### Information shown

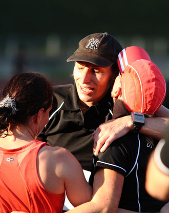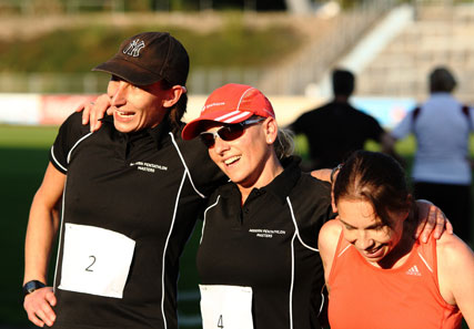 Erleichterung im Ziel und Glückwusch von den Mannschaftskolleginnen . |
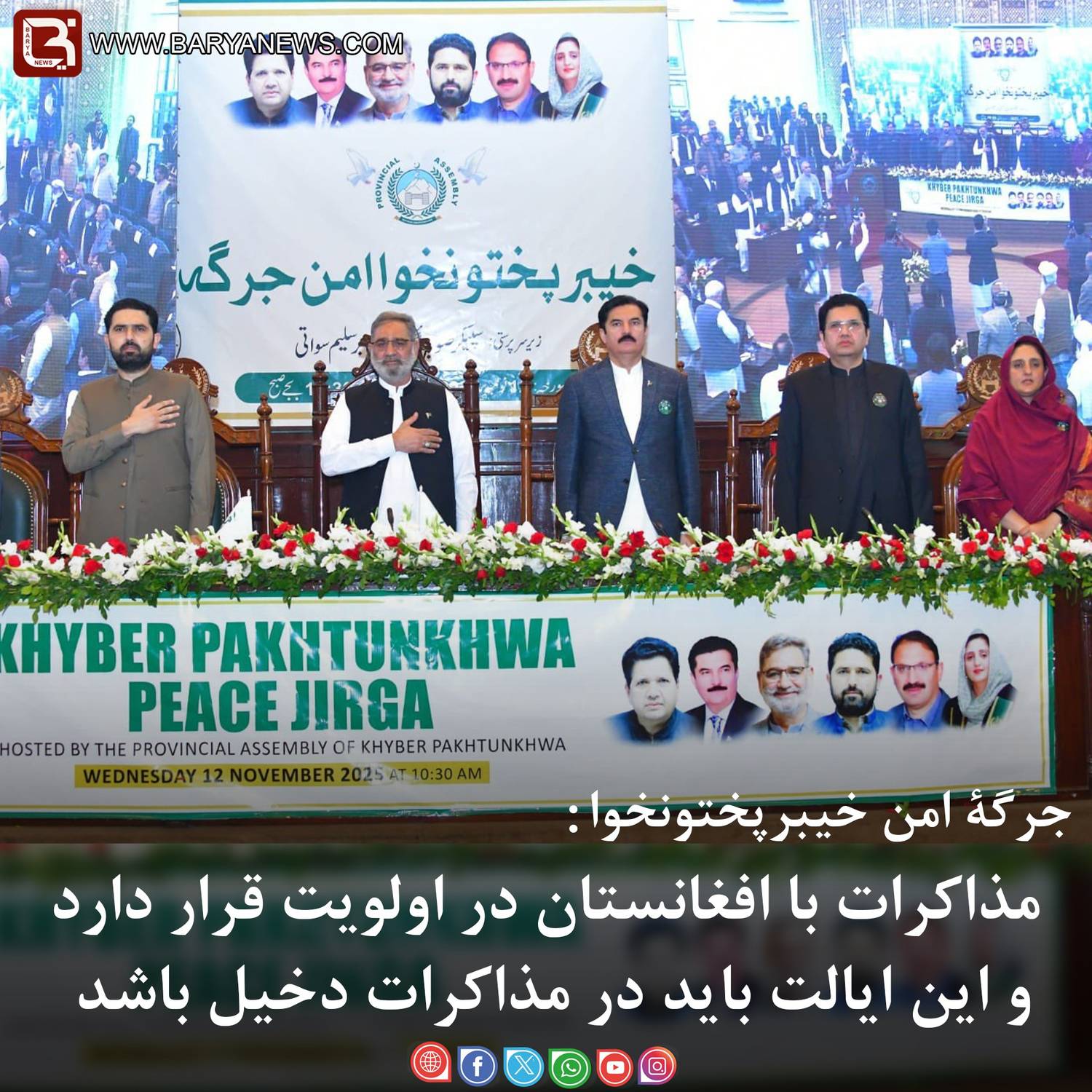 بریانیوز:(۲۴ عقرب/لړم) اجلاس امن ایالت خیبر پختونخوا با صدور بیانیۀ ۱۵ بندی، بر ضرورت گفتوگو با افغانستان و بهبود روابط تجاری با افغانستان تأکید کرد.
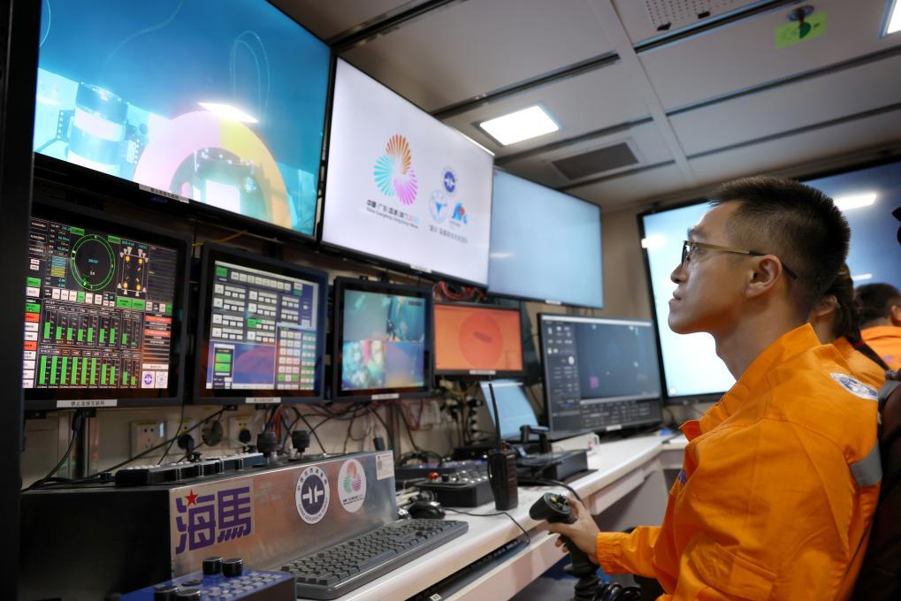 9月18日,“海洋地质二号”科考船搭载“海马”号深海遥控潜水器在南海北部进行“源火”采集。新华社记者 卢汉欣 摄

######

• [Work request]
Could you return the whole listing exactly, images excluded?

• [Your solution]
 Erleichterung im Ziel und Glückwusch von den Mannschaftskolleginnen . |
 بریانیوز:(۲۴ عقرب/لړم) اجلاس امن ایالت خیبر پختونخوا با صدور بیانیۀ ۱۵ بندی، بر ضرورت گفتوگو با افغانستان و بهبود روابط تجاری با افغانستان تأکید کرد.
 9月18日,“海洋地质二号”科考船搭载“海马”号深海遥控潜水器在南海北部进行“源火”采集。新华社记者 卢汉欣 摄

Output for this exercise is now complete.